**Activity**
Everything in the records except the pictures must be copied out exactly.

**Data extracts**
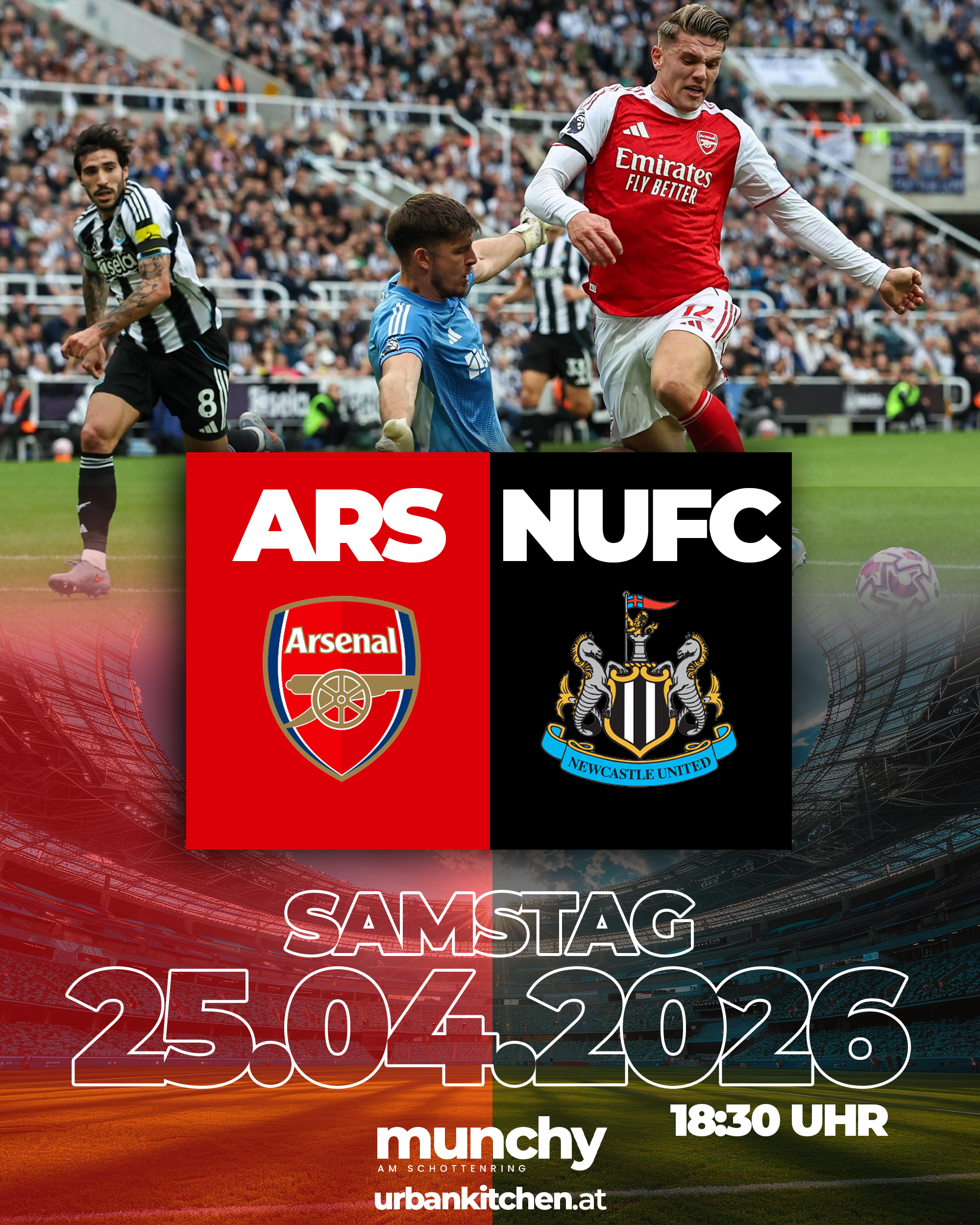 Erlebe das Premier League Duell zwischen Arsenal und Newcastle United im Munchy am Schottenring in intensiver Stadionatmosphäre mit großer Crowd und echtem Matchday-Feeling. |
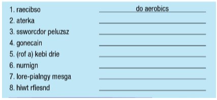 a. Unscramble the words, then fill in the blanks with go, do, play or hang out.
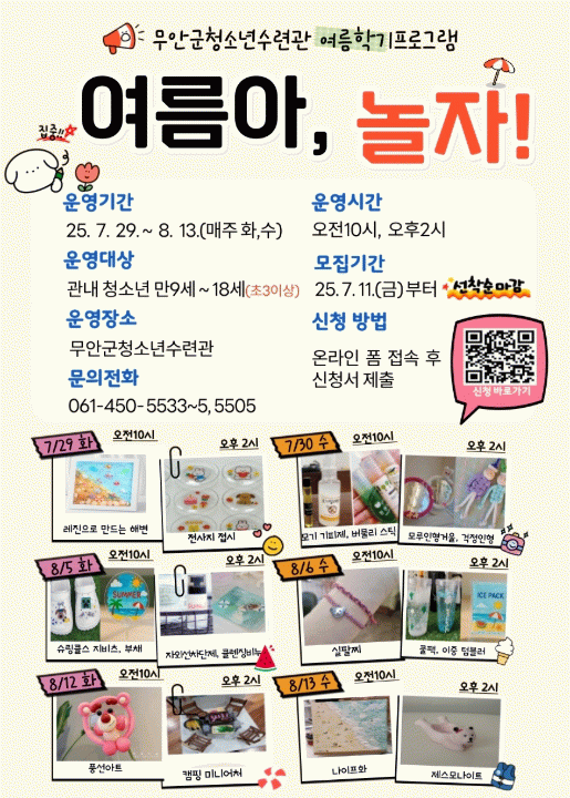 모집 대상은 무안군 관내 만 9세 이상 청소년이며, 7월 20일까지 선착순으로 신청을 받는다.
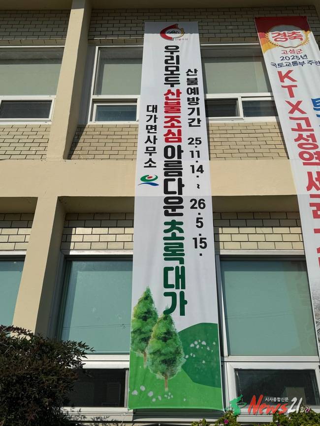 고성군 대가면(면장 노석철)은 겨울철 및 다가오는 봄철 건조기를 대비하여 청사 외벽에 현수막을 게시하여 산불 예방을 홍보하고 있다.
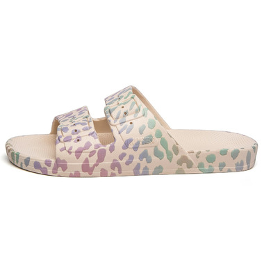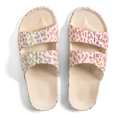 Freedom Moses is all about celebrating summer 365 days a year. From AM to PM, Freedom Moses Vegan Kids Slides are injected with air so you feel like you're walking on a cloud. Whether chilling at the beach or just hanging out, they're also available for your whole crew, from kids slides to women's slides and men's slides, if you're into prints, glitters, metallics or basic colors we've got you covered.
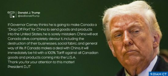周六凌晨,特朗普威脅稱,如果加拿大“與中國達成協議”,將對加拿大商品徵收100%關稅,並首次以“州長(Governor)”稱呼卡尼進行嘲諷。
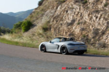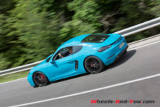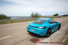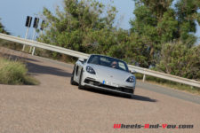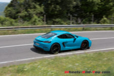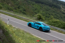 La direction est légère avec juste ce qu’il faut de fermeté pour ressentir la route en tenant le volant. La 718 réagit très vite et pivote sur un axe placé entre le conducteur et le passager. De plus, le centre de gravité semble idéalement placé, ce qui confère à l’auto un comportement très joueur et sûr à la fois. En tartinant généreusement en sortie de courbe, l’arrière se déteste volontiers, vite contré par l’ESC ou festival de travers si l’on s’affranchit des aides électroniques.
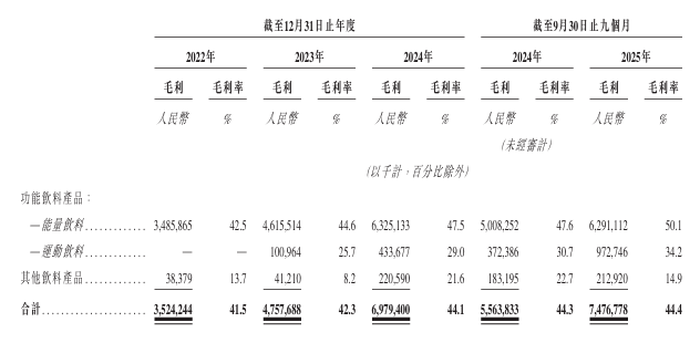 招股书显示,2025年前三季度,东鹏特饮实现营收125.63亿元,其占总营收比重高达74.6%,同时毛利率高达50.1%,仍是业绩增长的主力军;但从增速上看,同比增速为19.35%,相较于之前的营收增速已有所放缓。
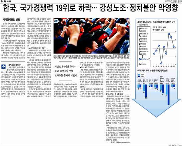 그런데도 조선일보는 "국제적 시선을 모은 쌍용차 파업 사태, 화물연대 죽창 시위 같은 후진적 노사관계와 이로 인한 사회 불안, 정치적 갈등이 주된 요인"이라고 평가했다. 이 신문은 WEF 보고서를 인용해 "노사관계를 선진화해야 하고 노동시장 유연성을 높여야 할 필요가 있다"고 지적하기도 했다. 오히려 대결적 노사관계를 조장하고 노동시장 유연성을 높여야 한다고 주장하는 이 신문이 국가 경쟁력을 떨어뜨리는데 일조하고 있을 가능성이 크다.
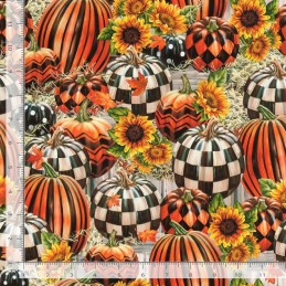 Plaid & Stripe Pumpkin is part of the Bewitched collection, designed by Dona Gelsinger for Timeless Treasures. This elegant autumn-themed print features beautifully painted pumpkins decorated with plaid and striped patterns, surrounded by golden sunflowers and soft foliage. The realistic, painterly style captures the warmth and richness of the harvest season, making it perfect for autumn-inspired makes.

**Solution**
 Erlebe das Premier League Duell zwischen Arsenal und Newcastle United im Munchy am Schottenring in intensiver Stadionatmosphäre mit großer Crowd und echtem Matchday-Feeling. |
 a. Unscramble the words, then fill in the blanks with go, do, play or hang out.
 모집 대상은 무안군 관내 만 9세 이상 청소년이며, 7월 20일까지 선착순으로 신청을 받는다.
 고성군 대가면(면장 노석철)은 겨울철 및 다가오는 봄철 건조기를 대비하여 청사 외벽에 현수막을 게시하여 산불 예방을 홍보하고 있다.
 Freedom Moses is all about celebrating summer 365 days a year. From AM to PM, Freedom Moses Vegan Kids Slides are injected with air so you feel like you're walking on a cloud. Whether chilling at the beach or just hanging out, they're also available for your whole crew, from kids slides to women's slides and men's slides, if you're into prints, glitters, metallics or basic colors we've got you covered.
周六凌晨,特朗普威脅稱,如果加拿大“與中國達成協議”,將對加拿大商品徵收100%關稅,並首次以“州長(Governor)”稱呼卡尼進行嘲諷。
 La direction est légère avec juste ce qu’il faut de fermeté pour ressentir la route en tenant le volant. La 718 réagit très vite et pivote sur un axe placé entre le conducteur et le passager. De plus, le centre de gravité semble idéalement placé, ce qui confère à l’auto un comportement très joueur et sûr à la fois. En tartinant généreusement en sortie de courbe, l’arrière se déteste volontiers, vite contré par l’ESC ou festival de travers si l’on s’affranchit des aides électroniques.
 招股书显示,2025年前三季度,东鹏特饮实现营收125.63亿元,其占总营收比重高达74.6%,同时毛利率高达50.1%,仍是业绩增长的主力军;但从增速上看,同比增速为19.35%,相较于之前的营收增速已有所放缓。
 그런데도 조선일보는 "국제적 시선을 모은 쌍용차 파업 사태, 화물연대 죽창 시위 같은 후진적 노사관계와 이로 인한 사회 불안, 정치적 갈등이 주된 요인"이라고 평가했다. 이 신문은 WEF 보고서를 인용해 "노사관계를 선진화해야 하고 노동시장 유연성을 높여야 할 필요가 있다"고 지적하기도 했다. 오히려 대결적 노사관계를 조장하고 노동시장 유연성을 높여야 한다고 주장하는 이 신문이 국가 경쟁력을 떨어뜨리는데 일조하고 있을 가능성이 크다.
 Plaid & Stripe Pumpkin is part of the Bewitched collection, designed by Dona Gelsinger for Timeless Treasures. This elegant autumn-themed print features beautifully painted pumpkins decorated with plaid and striped patterns, surrounded by golden sunflowers and soft foliage. The realistic, painterly style captures the warmth and richness of the harvest season, making it perfect for autumn-inspired makes.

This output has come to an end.